Task directions
Begin the copy at the line containing "Image copyright Myanmar" in the data below and end it at the line containing "今年4月より江別市まちづくり", keeping each line exact and leaving out pictures.

===== Recorded information

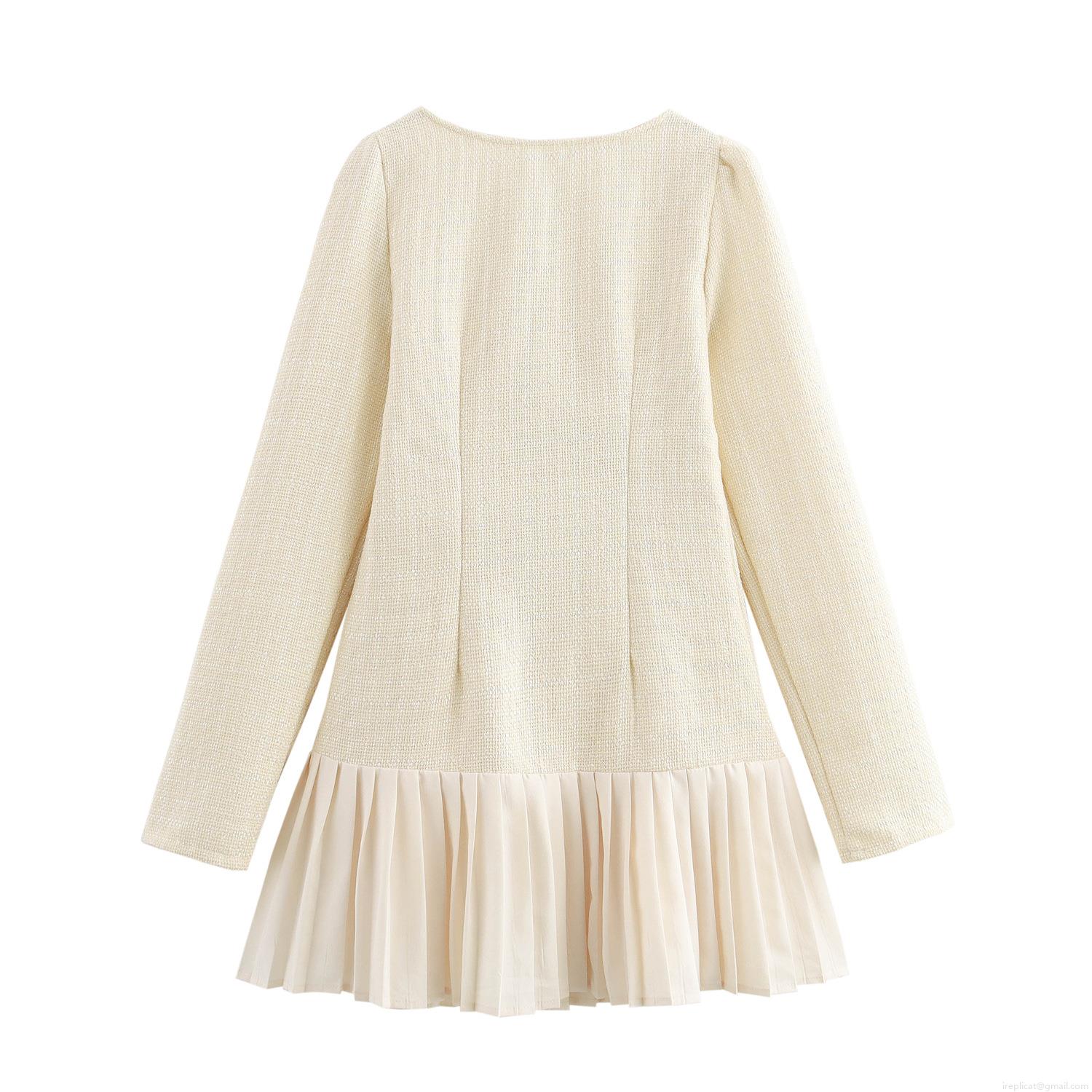 • Women Elegant Square Neck Tweed Long Sleeve Mini Dress With Pleated Hem And Gold Buttons Temperament Celebrity Style Short Dress
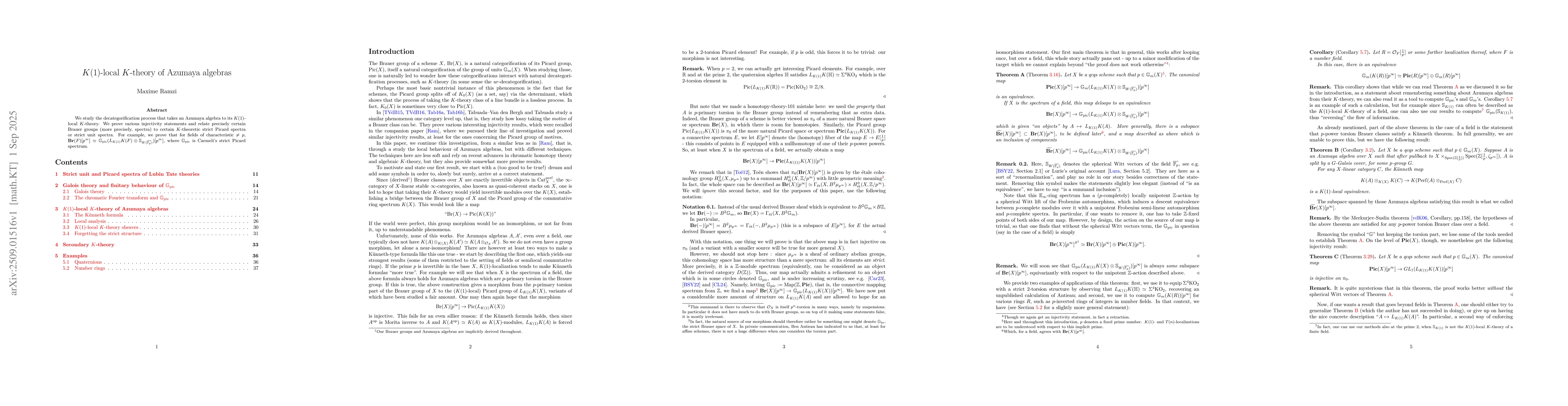We study the decategorification process that takes an Azumaya algebra to its $K(1)$-local $K$-theory. We prove various injectivity statements and relate precisely certain Brauer groups (more precisely, spectra) to certain $K$-theoretic strict Picard spectra or strict unit spectra. For example, we prove that for fields $F$ of characteristic $\neq p$, $\mathbf{Br}(F)[p^{\infty}] \simeq \mathbb{G}_{\mathrm{pic}}(L_{K(1)}K(F)\otimes \mathbb{S}_{W(\overline{\mathbb F_p})})[p^\infty]$ where $\mathbb{G}_{\mathrm{pic}}$ is Carmeli's strict Picard spectrum, and $\mathbf{Br}(F)$ denotes the Brauer space of the field $F$.
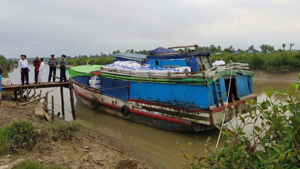 Image copyright Myanmar Government Information Committee Image caption Myanmar's Information Committee posted a picture to Facebook which it said was of the boat carrying ICRC supplies Police in Myanmar's Rakhine state have fired warning shots to disperse a Buddhist mob
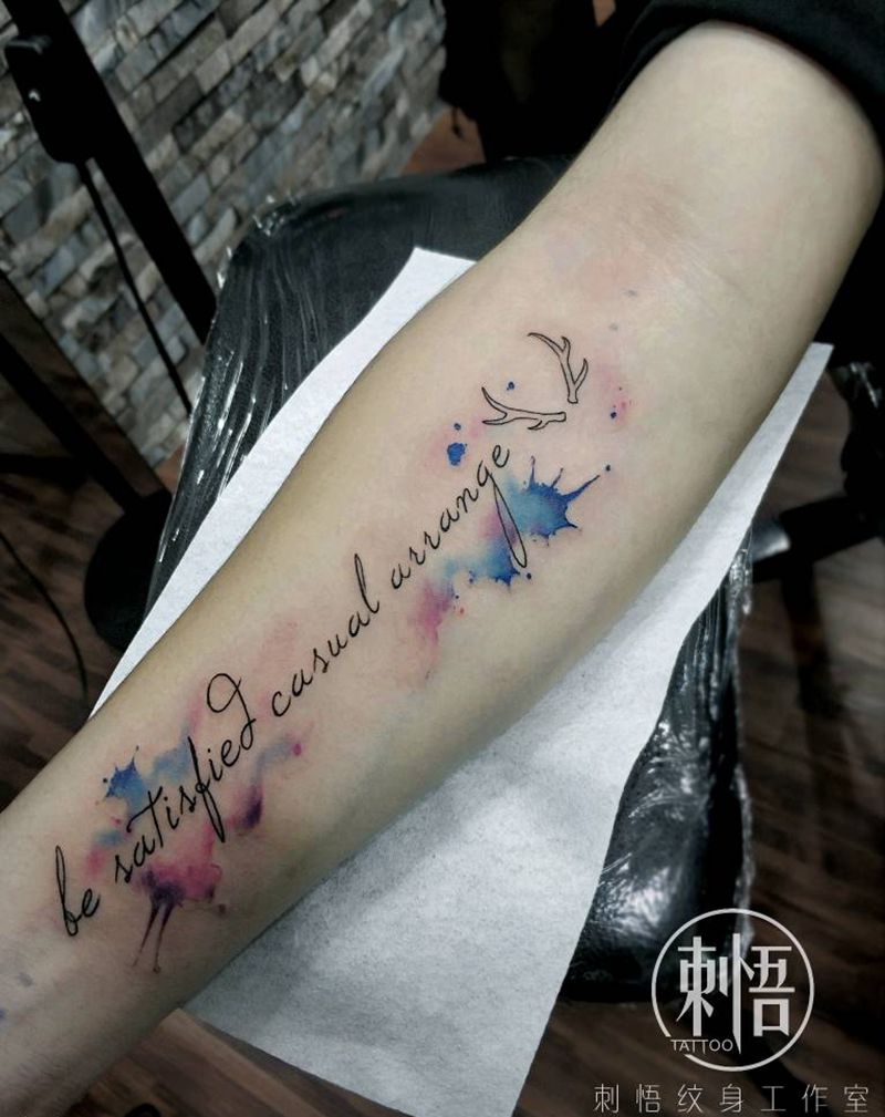 当前位置: 首页 >广东省东莞市纹身店-刺悟纹身工作室纹身图案>泼墨小英文纹身图片_手臂水彩纹身图案
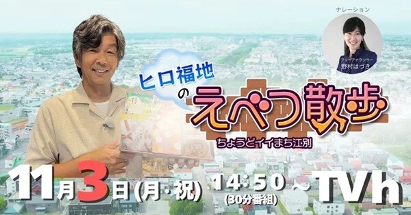 今年4月より江別市まちづくりアドバイザーを務めるタレント・ヒロ福地さんが、地元・北海道江別の魅力をたっぷり紹介するテレビ番組『ヒロ福地のえべつ散歩~ちょうどイイまち江別~』が放送される。
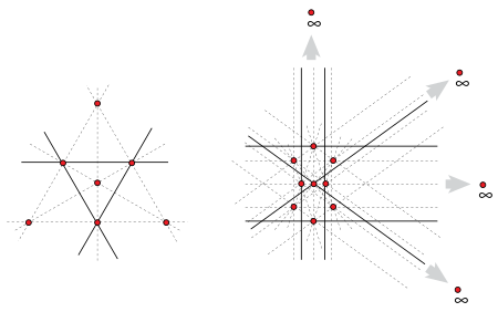 The question of the existence of an ordinary line can also be posed for points in the real projective plane RP2 instead of the Euclidean plane. The projective plane can be formed from the Euclidean plane by adding extra points "at infinity" where lines that are parallel in the Euclidean plane intersect each other, and by adding a single line "at infinity" containing all the added points. However, the additional points of the projective plane cannot help create non-Euclidean finite point sets with no ordinary line, as any finite point set in the projective plane can be transformed into a Euclidean point set with the same combinatorial pattern of point-line incidences. Therefore, any pattern of finitely many intersecting points and lines that exists in one of these two types of plane also exists in the other. Nevertheless, the projective viewpoint allows certain configurations to be described more easily. In particular, it allows the use of projective duality, in which the roles of points and lines in statements of projective geometry can be exchanged for each other. Under projective duality, the existence of an ordinary line for a set of non-collinear points in RP2 is equivalent to the existence of an ordinary point in a nontrivial arrangement of finitely many lines. An arrangement is said to be trivial when all its lines pass through a common point, and nontrivial otherwise; an ordinary point is a point that belongs to exactly two lines.[2]

==========

Answer section
 Image copyright Myanmar Government Information Committee Image caption Myanmar's Information Committee posted a picture to Facebook which it said was of the boat carrying ICRC supplies Police in Myanmar's Rakhine state have fired warning shots to disperse a Buddhist mob
 当前位置: 首页 >广东省东莞市纹身店-刺悟纹身工作室纹身图案>泼墨小英文纹身图片_手臂水彩纹身图案
 今年4月より江別市まちづくりアドバイザーを務めるタレント・ヒロ福地さんが、地元・北海道江別の魅力をたっぷり紹介するテレビ番組『ヒロ福地のえべつ散歩~ちょうどイイまち江別~』が放送される。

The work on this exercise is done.